The African religious landscape has certainly been dynamic as suggested by this conference. However, with sacred space often conceptualized as trans-human, as removed from the vagrancies of social change, we ask how sacred space is imagined, established and maintained. The panel is concerned with both the poetics and politics of sacred space, with the ways in which sacred space is constructed, shared or contested. We also invite reflection on sacred space beyond the religious realm. How are real places turned into heterotopias, how are they set apart to belong to another order of space that reflects, contests and inverts hegemonic spatial structures? Finally, based on the various papers discussing these questions in their specific contexts, we ask whether it is possible to discern something “African” in the construction of sacred space in Africa and the African Diaspora, something that would distinguish our panel from others on Asia or Europe.

Janice Desire Busingye

Sacred space, urban development and the politics of siting Pentecostal worship places in Kampala, Uganda

Pentecostalism has had a profound effect on the understanding and practice of religion in Africa because of its contemporary nature and resonance with the modern lifestyle of urban dwellers. Because of rapid growth in numbers, the demand for worship spaces puts pressure on available urban spaces. Most ritual spaces are sited on reclaimed wetland, which by law, are supposed to be free of inhabitants. Cost of land informs the choice of wetlands for the construction of sacred site. Pentecostal churches, which have noticeable leaders within city authorities, benefit the most from the reclamation of wetlands because of their claim to sacrality. Based on fieldwork on the spatial practices of the Synagogue Church in Kampala, this paper interrogates how sacred space as spiritually untouchable but economically viable space affects the livelihoods of poor urban dwellers.

Asonzeh Ukah

Sacred Space & the Pentecostal Spirit of Investment. The Production of a Miracle City in Lagos, Nigeria

The city of Lagos in Nigeria, which is the largest city in Africa with more than 20 million inhabitants, has been aptly characterized as the “Pentecostal capital of the world” because of the density and variety of Pentecostal presence. Usually called “prayer camps”, there are many sacred sites in and around Lagos founded by a charismatic figure, popularly called a “man of God”. The central characteristic of these sacred sites is the production and distribution of miracles; hence, these camps are “Miracle Cities”. Miracle Cities re-conceptualize sacred spaces – from sites for the production and consumption of religion to sites of spectacular power.

Magnus Echtler

African Covenant: producing sacred space in the Nazareth Baptist Church, South Africa

This paper is concerned with the production of sacred space in the Nazareth Baptist Church, one of the largest African Independent Churches in South Africa. I analyze the poetics and politics of the church’s most important sites: the holy mountain iNhlangakazi and the sacred city eKuphakameni / eBuhleni.

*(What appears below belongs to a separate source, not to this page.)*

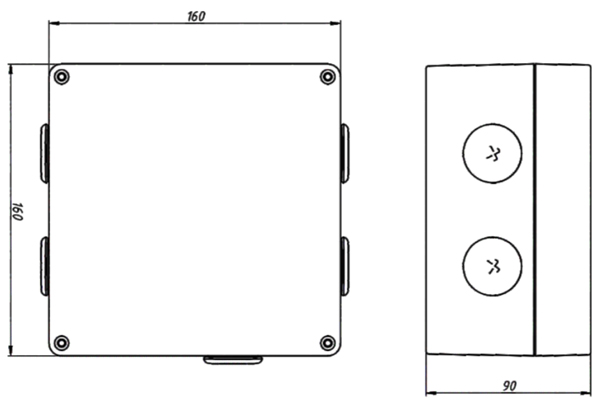 Корпус и крышка TermBox 160 выполнены из поликарбоната, фиксируются межу собой винтами из нержавеющей стали. Пыле- и влагозащиту обеспечивает уплотнитель, выполненный из неопрена. Для ввода кабелей в коробку используются сальники (в комплект поставки не входят) соответствующего диаметра и класса защиты (не ниже Ip68). Неиспользуемые отверстия закрываются заглушками М25 (входят в комплект). Материал изготовления заглушек – полиамид.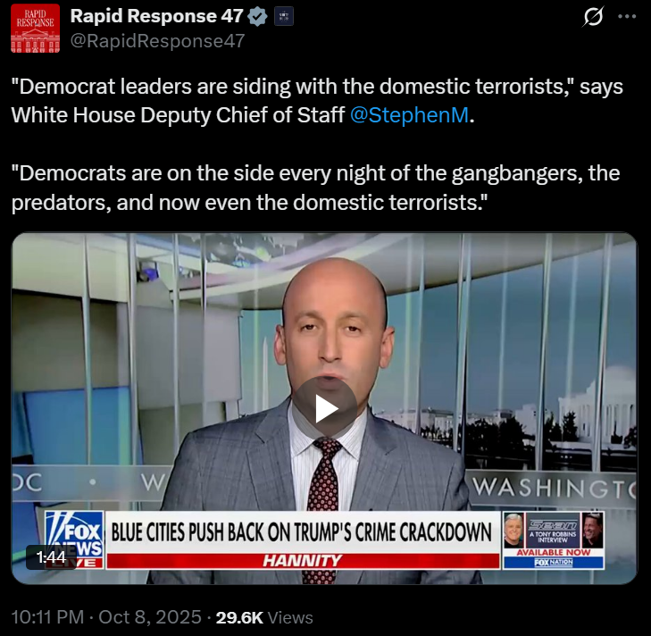 [097]"Democrat leaders are siding with the domestic terrorists," says White House Deputy Chief of Staff @StephenM media link media link media link media link

In three steps, I consider how the sacredness of these places is imagined and conceptualized, what spatial order is established in practice during the large congregations in January and July, and, finally, how the access to the sites was contested in the church’s most recent split in 2011. In conclusion, I argue for an increasing ‘Africanization’ in the production of sacred space in the NBC, which forms part of the traditionalization of the authority of the church leaders.